[BiO BB] Re: [ssml] Parsing taxonomy from blast output
Ian Donaldson
idonalds at blueprint.org
Fri Apr 1 15:11:35 EST 2005
Hi all
I should also mention that you can retrieve this information using the
SeqHound remote Perl API (or Java/C/C++).
No need to use up disk space or wait for downloads.
The call is SHoundTaxIDFromGi described here:
http://www.blueprint.org/seqhound/apifunctsdet.html#SHoundTaxIDFromGi
You can download the API from here:
ftp://ftp.blueprint.org/pub/SeqHound/Code/
and follow the enclosed instructions to get started or look at the first few
pages of the SeqHound Manual
http://www.blueprint.org/seqhound/seqhound_documentation.html.

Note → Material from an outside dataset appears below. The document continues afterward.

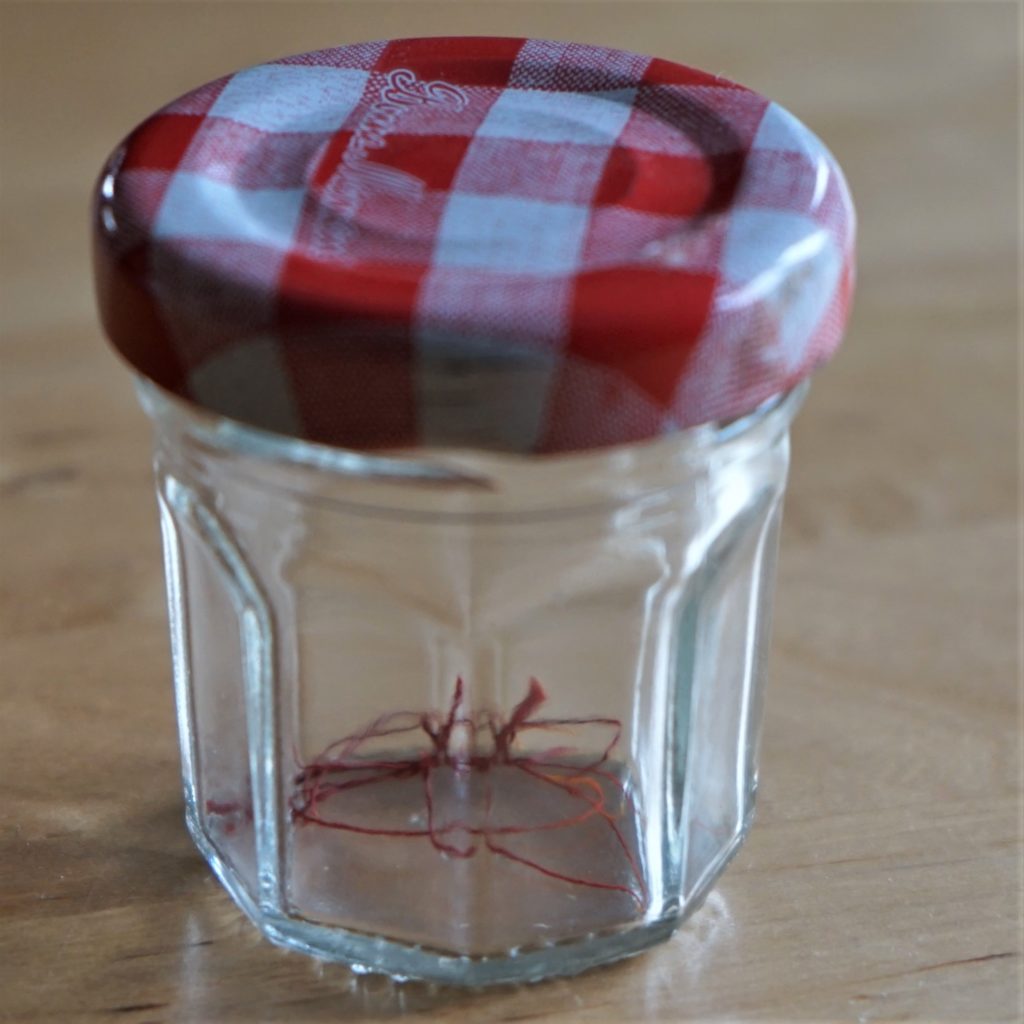 Astuce 4 : il ne faut pas consommer votre safran tout de suite mais il faut le laisser maturer. Je le mets dans un bocal hermétique et attends deux mois avant de le consommer. J’ai essayé de consommer les stigmates juste après séchage mais je les ai trouvés sans goût.

Taxid assignments to Gi's are updated daily as part of the core module.
Check here
http://seqhound.blueprint.org/report.html
Other API calls can also provide you with names of taxons.
Cheers
Ian
-----Original Message-----
From:
bio_bulletin_board-bounces+idonalds=blueprint.org at bioinformatics.org
[mailto:bio_bulletin_board-bounces+idonalds=blueprint.org at bioinformatics
.org]On Behalf Of Dan Bolser
Sent: April 1, 2005 12:40 PM
To: Goel, Manisha
Cc: ssml-general at bioinformatics.org;
bio_bulletin_board at bioinformatics.org; pdb-l at sdsc.edu
Subject: [BiO BB] Re: [ssml] Parsing taxonomy from blast output
On Fri, 1 Apr 2005, Goel, Manisha wrote:
>Hi All,
>
>I need to parse the blast ouput to get the taxonomy information.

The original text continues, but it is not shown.